> [YOUR TASK]:
Reproduce exactly the entries from the "Paste Special further options" line to the end. Skip all pictures.

> [RECORDS TO PROCESS]:
##############################

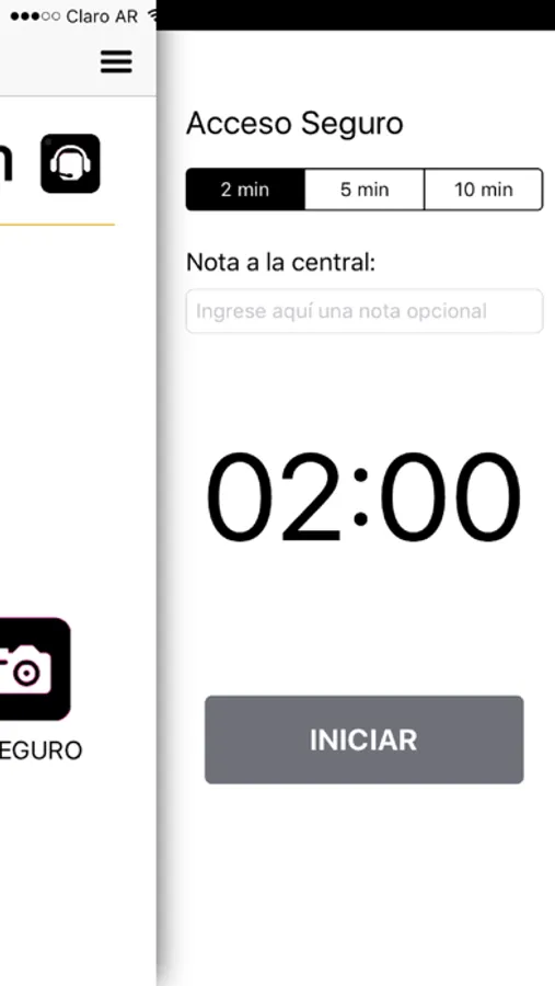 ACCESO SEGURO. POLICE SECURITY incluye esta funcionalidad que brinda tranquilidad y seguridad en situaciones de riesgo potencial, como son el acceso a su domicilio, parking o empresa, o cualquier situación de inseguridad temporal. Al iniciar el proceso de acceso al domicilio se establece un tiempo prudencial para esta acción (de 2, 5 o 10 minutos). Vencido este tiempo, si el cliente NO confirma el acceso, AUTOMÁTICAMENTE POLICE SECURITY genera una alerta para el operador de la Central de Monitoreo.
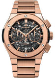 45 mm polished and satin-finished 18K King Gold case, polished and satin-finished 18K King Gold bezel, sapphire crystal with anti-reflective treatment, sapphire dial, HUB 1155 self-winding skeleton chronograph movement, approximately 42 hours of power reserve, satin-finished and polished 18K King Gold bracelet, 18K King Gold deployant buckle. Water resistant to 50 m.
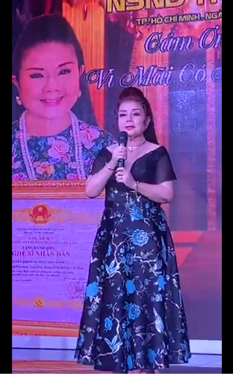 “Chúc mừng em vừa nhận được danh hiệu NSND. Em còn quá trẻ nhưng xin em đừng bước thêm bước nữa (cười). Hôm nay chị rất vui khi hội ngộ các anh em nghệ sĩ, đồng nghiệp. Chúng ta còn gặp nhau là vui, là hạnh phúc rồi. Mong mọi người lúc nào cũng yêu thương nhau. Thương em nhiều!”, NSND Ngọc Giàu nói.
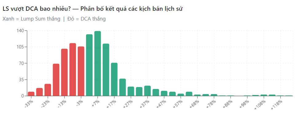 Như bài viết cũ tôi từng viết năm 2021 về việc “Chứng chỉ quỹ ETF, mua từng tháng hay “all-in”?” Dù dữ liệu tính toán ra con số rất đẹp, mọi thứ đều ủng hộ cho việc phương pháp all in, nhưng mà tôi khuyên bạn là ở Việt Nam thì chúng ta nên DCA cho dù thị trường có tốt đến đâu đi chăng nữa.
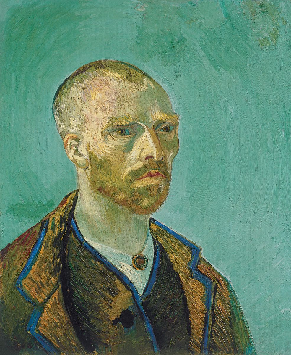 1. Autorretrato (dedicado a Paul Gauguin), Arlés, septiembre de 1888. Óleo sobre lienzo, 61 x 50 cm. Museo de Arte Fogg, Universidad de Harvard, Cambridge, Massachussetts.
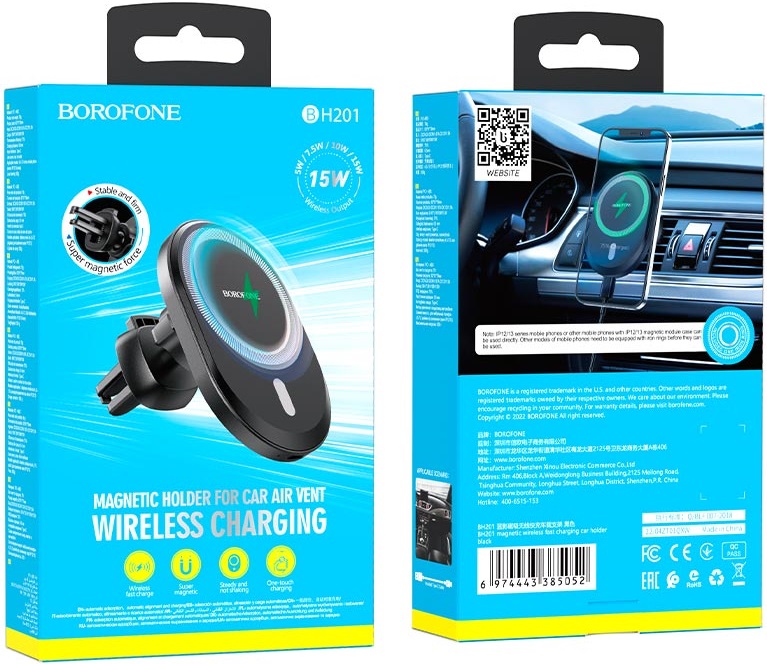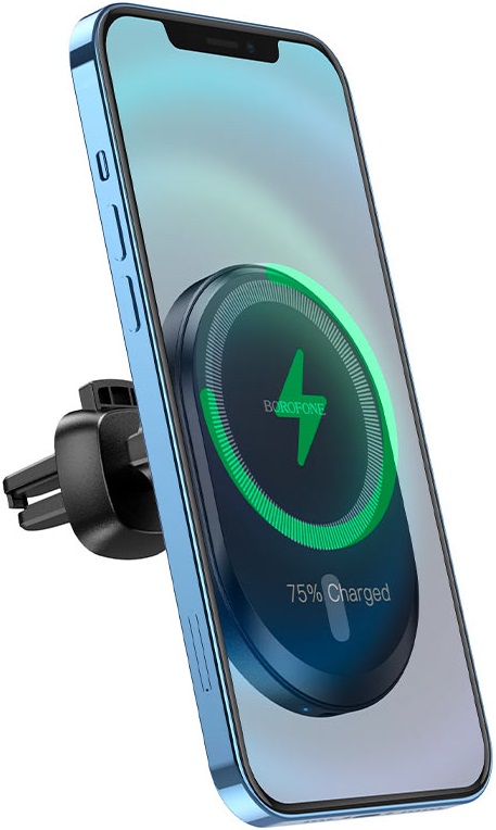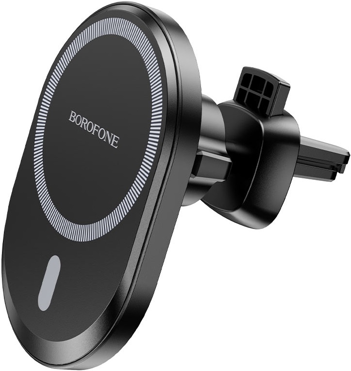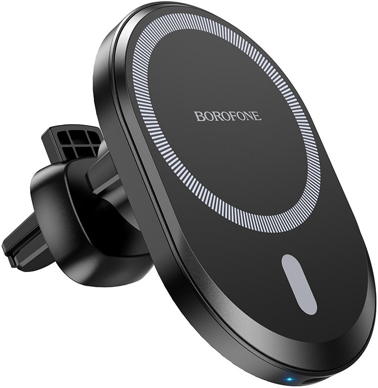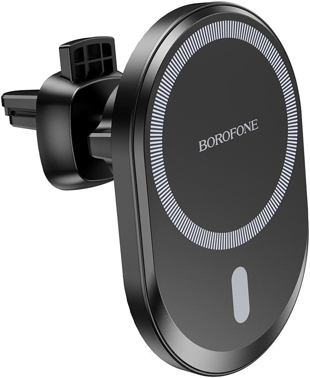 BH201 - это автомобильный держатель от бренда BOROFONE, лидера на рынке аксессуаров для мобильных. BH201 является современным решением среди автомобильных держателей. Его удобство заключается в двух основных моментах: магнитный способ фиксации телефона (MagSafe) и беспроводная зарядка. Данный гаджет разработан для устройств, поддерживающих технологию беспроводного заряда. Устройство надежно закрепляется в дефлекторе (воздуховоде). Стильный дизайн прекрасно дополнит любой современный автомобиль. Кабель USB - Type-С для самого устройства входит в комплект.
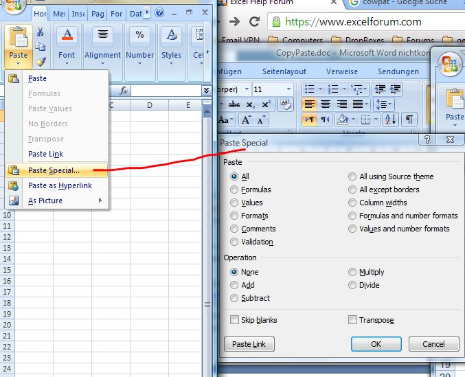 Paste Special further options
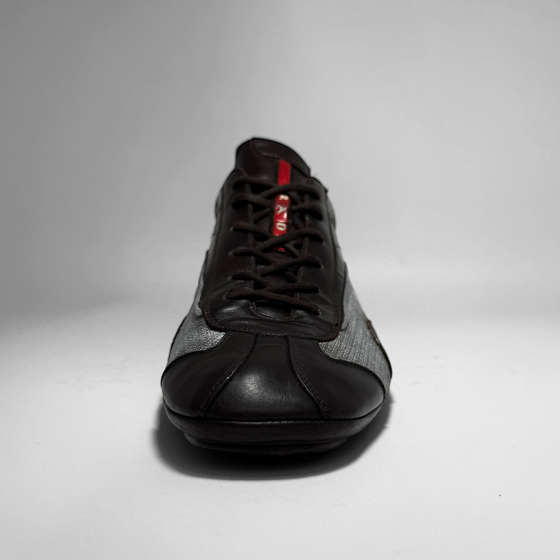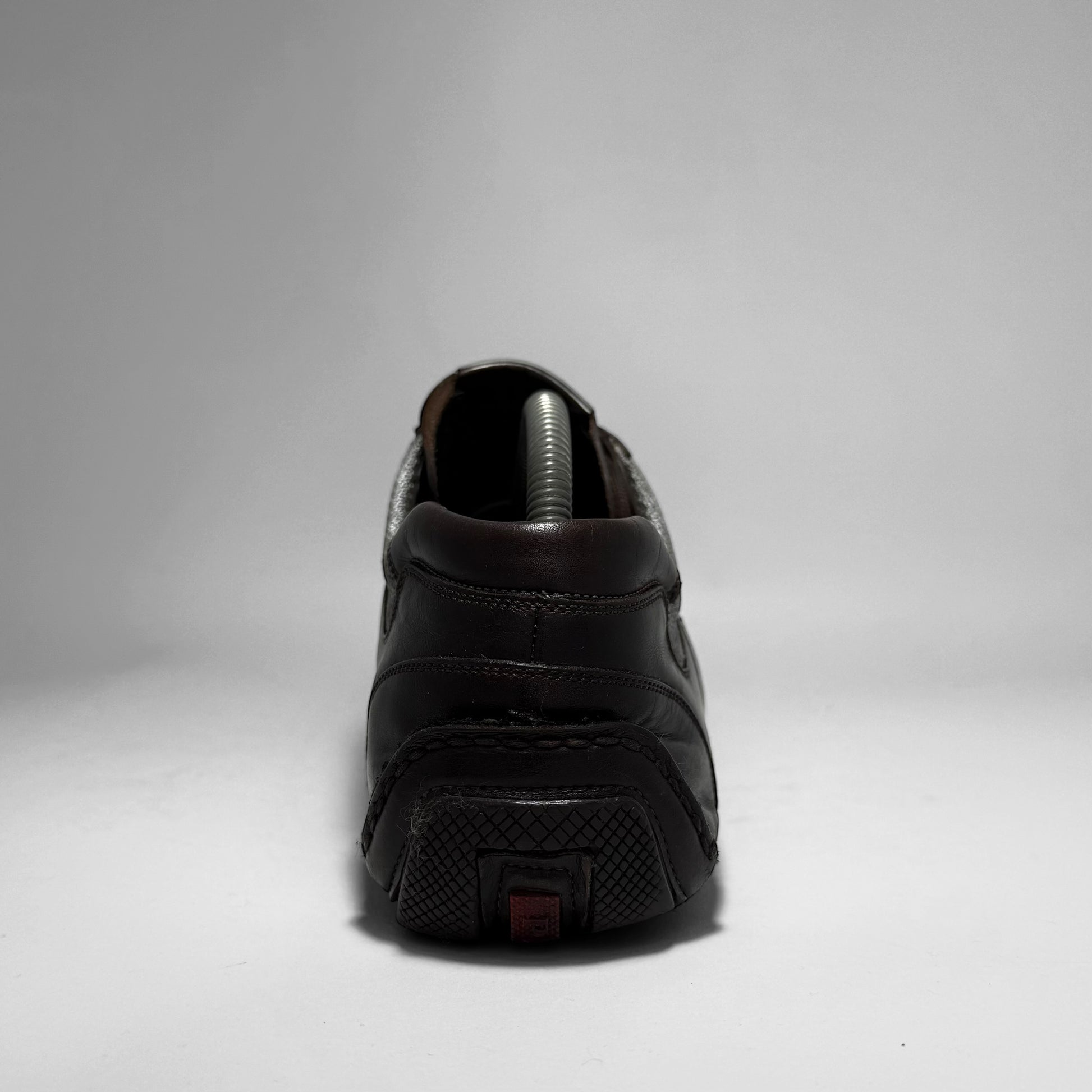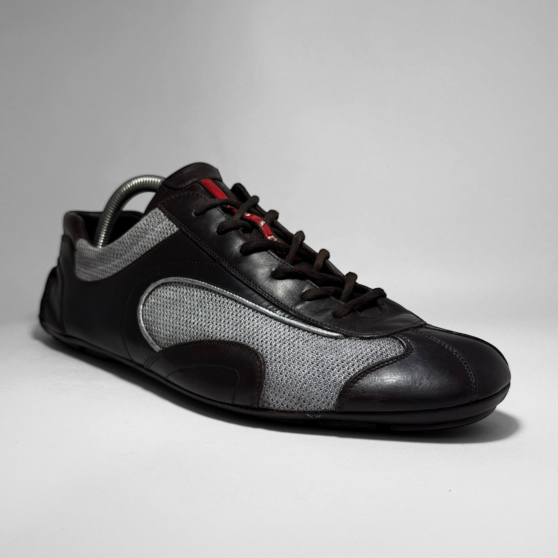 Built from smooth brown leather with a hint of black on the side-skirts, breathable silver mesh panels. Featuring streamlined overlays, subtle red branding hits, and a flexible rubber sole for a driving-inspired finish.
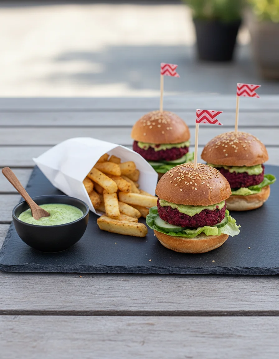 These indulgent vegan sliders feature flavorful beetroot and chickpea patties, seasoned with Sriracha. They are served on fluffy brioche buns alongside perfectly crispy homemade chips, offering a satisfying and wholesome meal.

##############################

> [WRITTEN ANSWER]:
 Paste Special further options
 Built from smooth brown leather with a hint of black on the side-skirts, breathable silver mesh panels. Featuring streamlined overlays, subtle red branding hits, and a flexible rubber sole for a driving-inspired finish.
 These indulgent vegan sliders feature flavorful beetroot and chickpea patties, seasoned with Sriracha. They are served on fluffy brioche buns alongside perfectly crispy homemade chips, offering a satisfying and wholesome meal.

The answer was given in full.